Plant a garden. Save some money. Grow a kid.
by Mary Clare Hunt

I lost Victoria, my mentee, to a foster home this week. Well... I didn't really lose her, but she has moved out of the teen shelter where we gardened together for the past couple of years. Today (for the first time) she woke up in a home with a real backyard. She's over the top happy - Aiden has other kids his age to hang with and Starbucks, her lifeline, is just around the corner.

Victoria arrived at the shelter a couple of years ago wearing the same Rolling Stones T-shirt of my gen-gen-generation and carrying the same attitude. I was smitten. I took this video of she and Aiden planting potatoes last April and kidded her that we needed to start a show called, YouTuber.

Go here for the video of She and Aiden in action http://www.youtube.com/watch?v=krE7vcaCBwg 

Victoria insisted we needed to plant potatoes. You can see how hard it is. Slice up a potato and stick a section with an "eye" in it in the ground. That's it. When it flowers, you can start digging up potatoes, or leave them in the ground and you'll get more and more. We had about 20 potatoes off of one plant. That's a great RORP (return on rotten potatoes that formally were trashed at the shelter).

To most of the girls at the teen home I was "that strange garden lady" who showed up once a week and pushed plants and cooking pasta with fresh basil, sage, oregano - the same thing my Mother and Grandmother did for me. Coming from the midwest to California, I assumed that everyone knew how to stick a seed in the ground. They didn't. In Orange County gardens are a mystery not a backyard sport.

Victoria was one of the few gals who actually digged dirt. After awhile she started putting in requests, "Can we grow Lemons? Onions? Strawberries? Yes, Yes, and YES! This year was the best crop of strawberries due to the irrigation system the boyscouts put in as part of an Eagle Scout program. It was amazing how things would grow with consistent water. Each day, Aiden would run to the strawberry box and clean off the new offerings then head for the tomatoes.

After years of trial and error trying to keep a group with a high turnover rate engaged, I found four things worked:

  1. Teach those most interested and they will then teach others vs. shoving a program on those who don't care or are freaked over the fact that worms live in the soil.
  2. Make laminated signs that tell them what the plant is, when to harvest and how much money they saved if they started with a plant vs. a seed (BTW, with tomatoes it's about $.0003 if you grow it from a seed given that each healthy plant produces one bushel.)
  3. Plant the entire section with ONE plant - it tends to self weed and also is more gratifying when it starts kicking out the edibles. It made an impact to see bags of free food.
  4. COOK, COOK, COOK the fresh food in front of them. Show them how easy, fun and great tasting fresh food is. Let them taste the dried herbs in a can and then the fresh ones.

Cooking closes the loop between planting a seed and enjoying your labor. I tried having a formal cooking class and that didn't work.

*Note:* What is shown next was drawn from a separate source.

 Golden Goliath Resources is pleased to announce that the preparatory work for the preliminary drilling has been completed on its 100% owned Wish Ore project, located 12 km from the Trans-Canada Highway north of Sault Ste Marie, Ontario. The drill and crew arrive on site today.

What did work was bringing things in and then just start cooking. One by one, they would gather around and start asking questions. Even the staff, would join in as many of them didn't know how to cook fresh food either. Later I'd hear snips of conversation that told me that the lessons were being picked up and transferred.

One time we used a restaurant menu and fixed the exact same dish for free that they would have paid $18.50 for just to make a point. The simplest things that went over the best. Blanched green beans dipped in peanut sauce. They wouldn't touch them before and afterward the entire bowl of beans disappeared. Dicing up fresh herbs in cream cheese for a spread. Spaghetti sauce from way too many tomatoes. Coleslaw. TONS of salsa...

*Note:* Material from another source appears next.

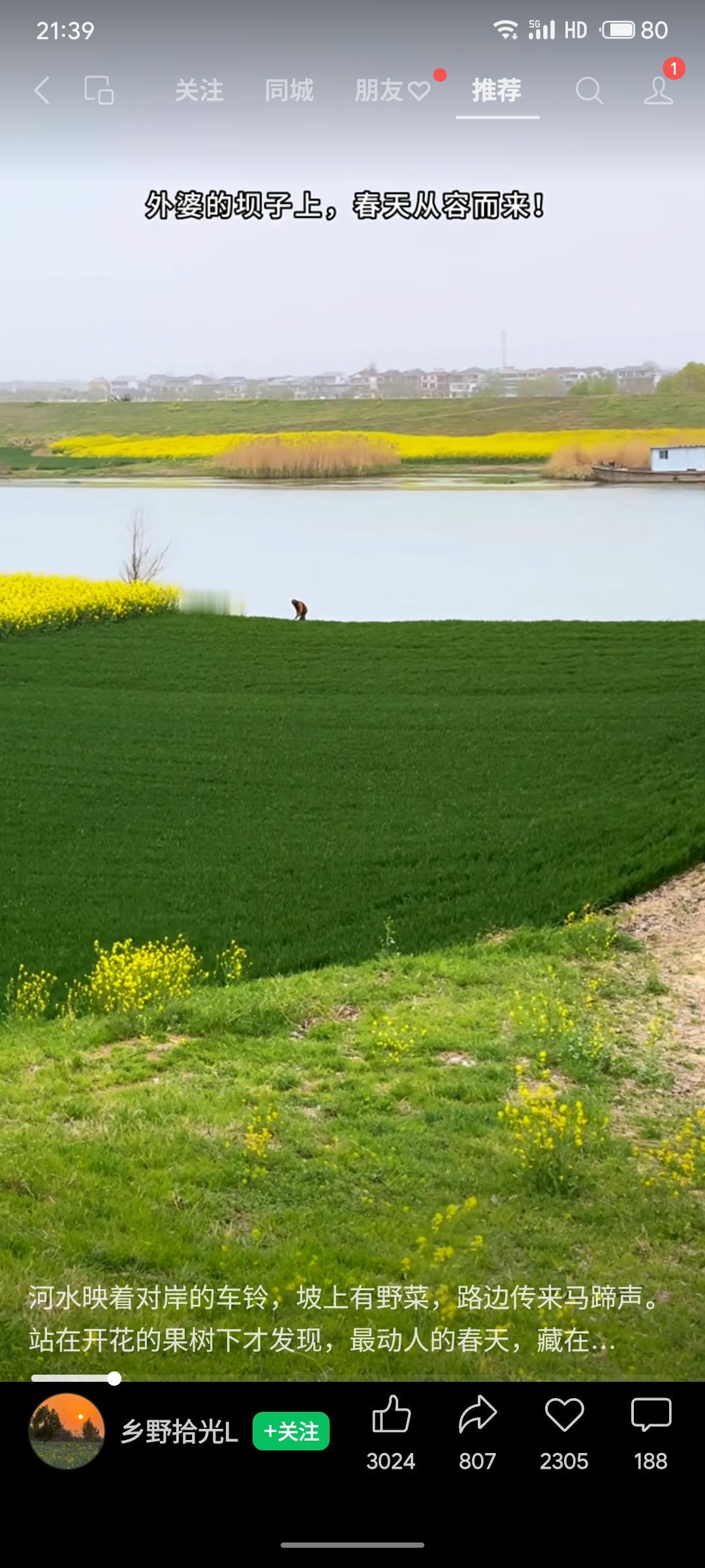 外婆坝上的春日,河水映着车铃,坡上野菜青,牛鸣声远。立于绿坡,方觉动人春色,皆藏于这乡野寻常光景之中。

This year when tomatoes were taken off store shelves, we had bags of them to enjoy, all organically grown and safe to eat. One year the same plant produced tomatoes for 9 months, right up until the hired "gardeners" cut the plants back into a nice little hedge...

Jan_2007_104

What did we grow? Artichokes, green/yellow beans, cilantro, basil, sage, oregano, marjoram, chives, parsley, tomatoes, tomatias, spinach, mixed greens lettuce (the kind you pay $5/pound for in the store), strawberries, oranges, beets, eggplant, zucchini, watermelons, broccoli, cauliflower, honeydews, cabbage, Swiss Chard, cantaloupe, spaghetti squash, pumpkins, corn, onions, carrots, peppers and zinnias. (That's an artichoke that I'm standing next to for those of you not living in California.)

The zinnias were an ode to my Mom. She always had a row of them in our garden. They are easy, happy flowers that keep producing as long as you keep picking them. Plus you need flowers to bring in the few bees we have here to pollinate the veggies. Besides drawing bees, they also drew the girls out of the shelter and into the garden for a fresh (and free) bouquet - hey whatever works.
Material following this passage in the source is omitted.